-------- SUPPLIED MATERIAL --------
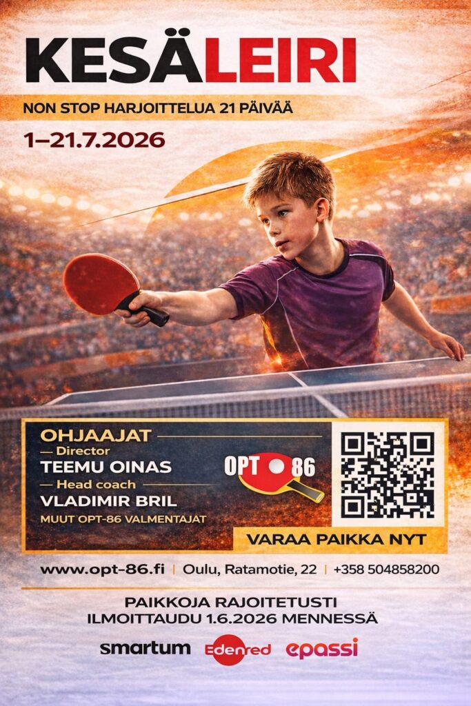OPT-86 järjestää neljättä kertaa non-stop kesäleirin Ratamotien pöytätennishallilla (Ratamotie 22, Oulu).
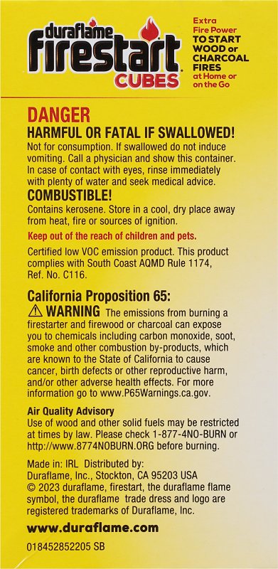 Extra fire power to start wood or charcoal fires at home or on-the-go. Duraflame® fire start® cube give you the fire power you need to start wood or charcoal fires at home or on-the-go. Fire start® cubes maintain a long-burning, consistent flame to help you get a quick and easy start to your fires.Item Specifications
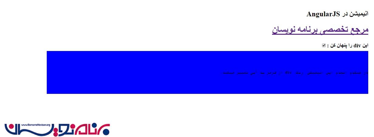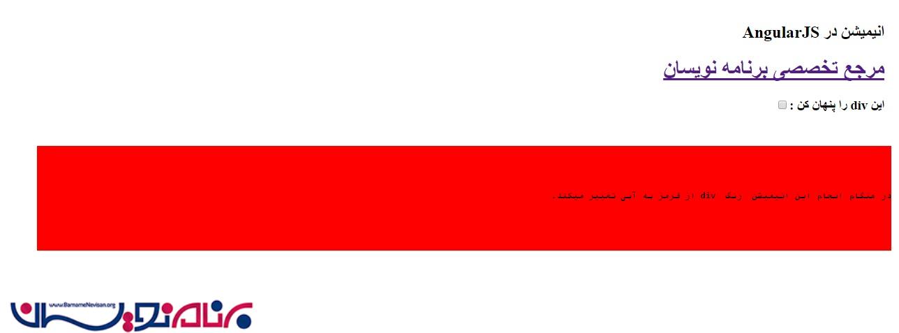 در اینجا مثال ساده ای از ng-hide را مشاهده کردید که انیمیشنی را فعال میکند.
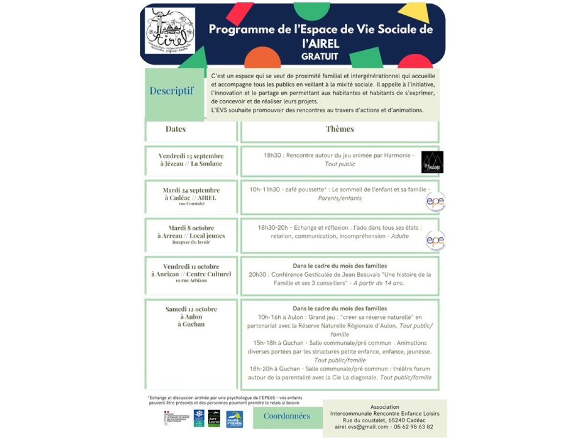 Espace de vie sociale AIREL : programme Septembre-Octobre 2024
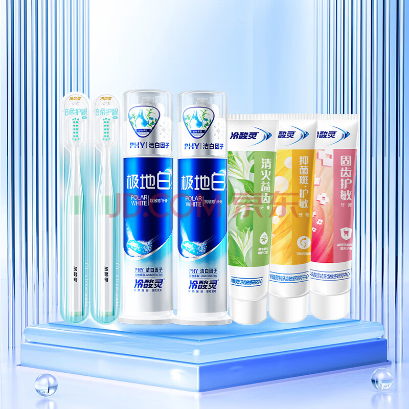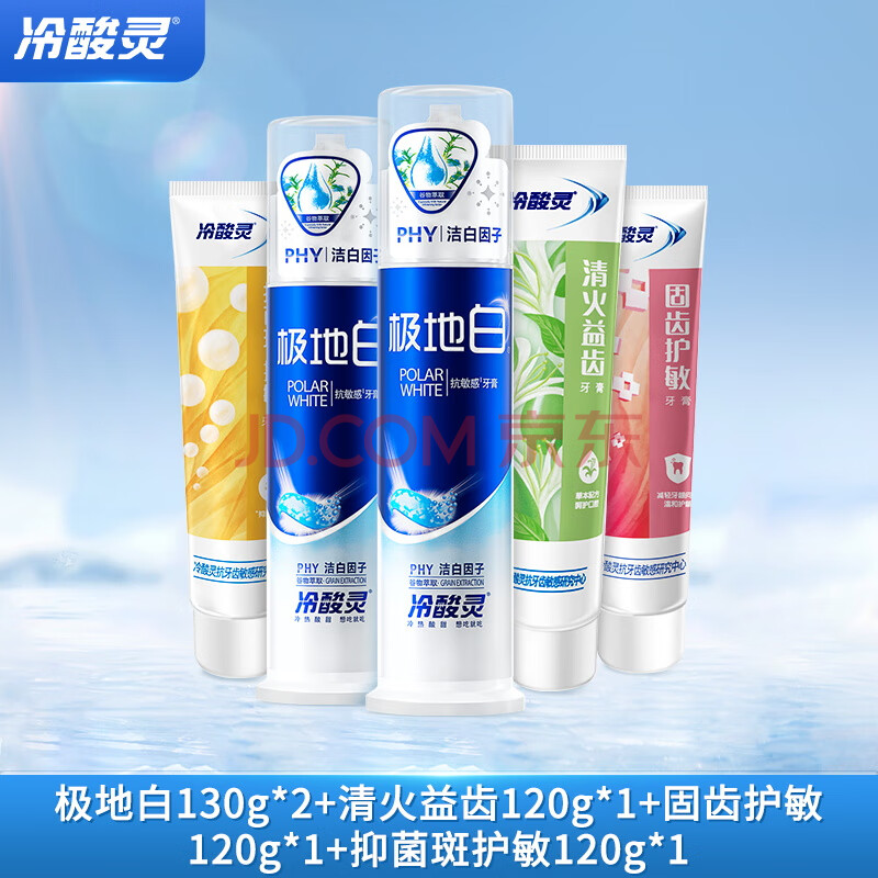 商品相册:冷酸灵多效护理牙膏套装 抗敏美白 清新口气 5支装共620g【吴磊推荐】第
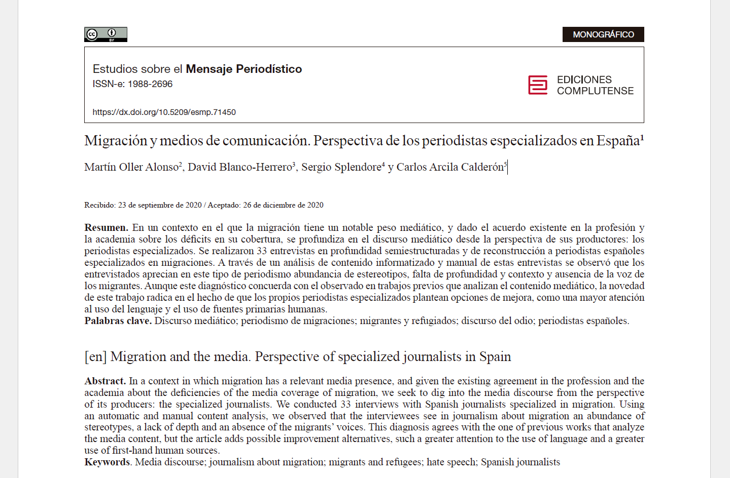 El artículo «Migración y medios de comunicación. Perspectiva de los periodistas especializados en España» ha sido publicado en la revista Estudios Sobre el Mensaje Periodístico junto a David Blanco-Herrero (Universidad de Salamanca), Sergio Splendore (UNIMI) y Carlos Arcila Calderón (Universidad de Salamanca).
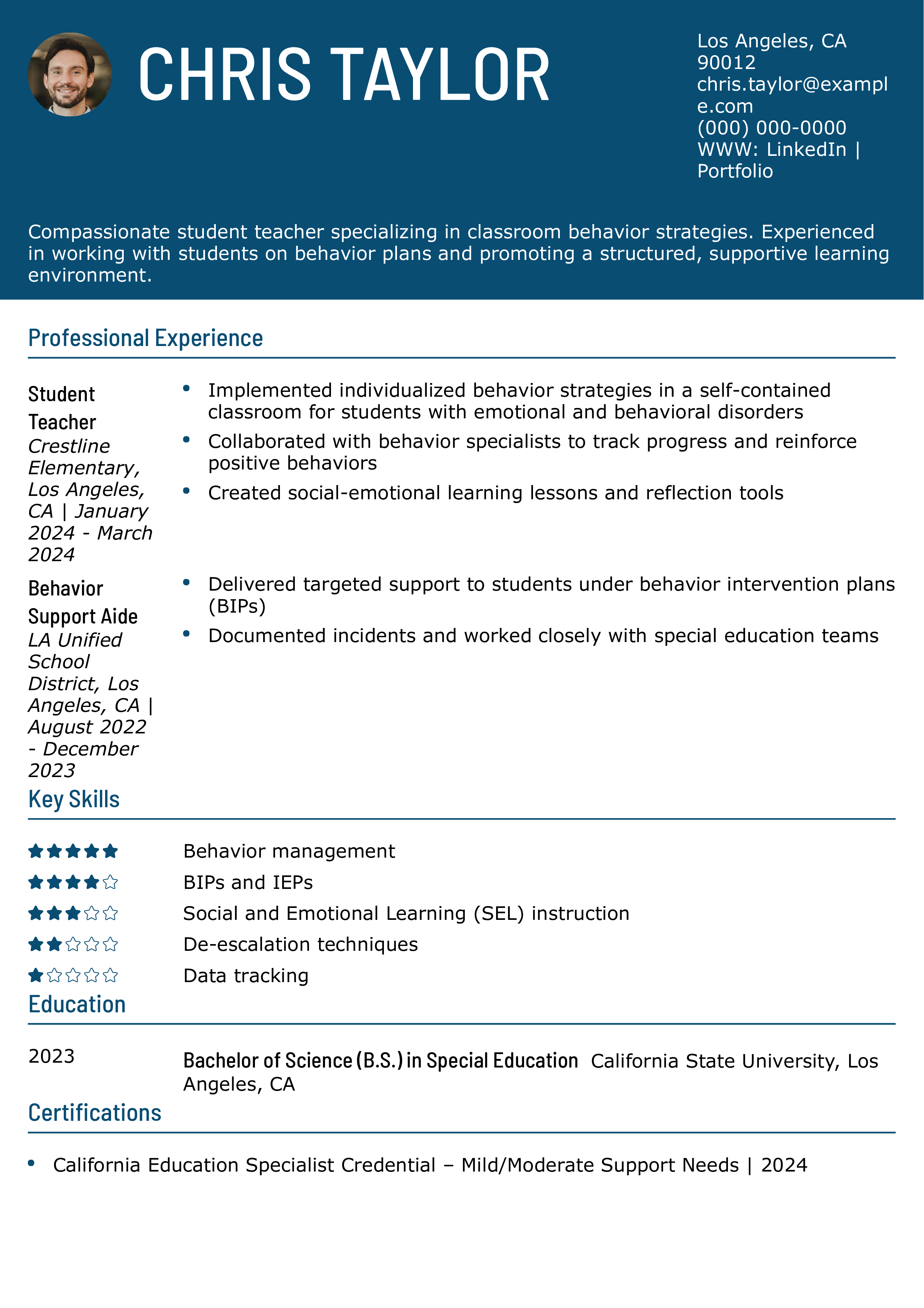 This resume highlights both instructional and behavioral intervention experience. It demonstrates the applicant’s ability to handle high-need classroom settings. Learn how to format your resume for clarity using Best Resume Formats.
--------
WORK ITEM:
Exactly the lines from the top of the entries through the line with "(Universidad de Salamanca).", inclusive, must be given again, with every picture omitted.

REPLY TO THE EXERCISE:
OPT-86 järjestää neljättä kertaa non-stop kesäleirin Ratamotien pöytätennishallilla (Ratamotie 22, Oulu).
 Extra fire power to start wood or charcoal fires at home or on-the-go. Duraflame® fire start® cube give you the fire power you need to start wood or charcoal fires at home or on-the-go. Fire start® cubes maintain a long-burning, consistent flame to help you get a quick and easy start to your fires.Item Specifications
 در اینجا مثال ساده ای از ng-hide را مشاهده کردید که انیمیشنی را فعال میکند.
 Espace de vie sociale AIREL : programme Septembre-Octobre 2024
 商品相册:冷酸灵多效护理牙膏套装 抗敏美白 清新口气 5支装共620g【吴磊推荐】第
 El artículo «Migración y medios de comunicación. Perspectiva de los periodistas especializados en España» ha sido publicado en la revista Estudios Sobre el Mensaje Periodístico junto a David Blanco-Herrero (Universidad de Salamanca), Sergio Splendore (UNIMI) y Carlos Arcila Calderón (Universidad de Salamanca).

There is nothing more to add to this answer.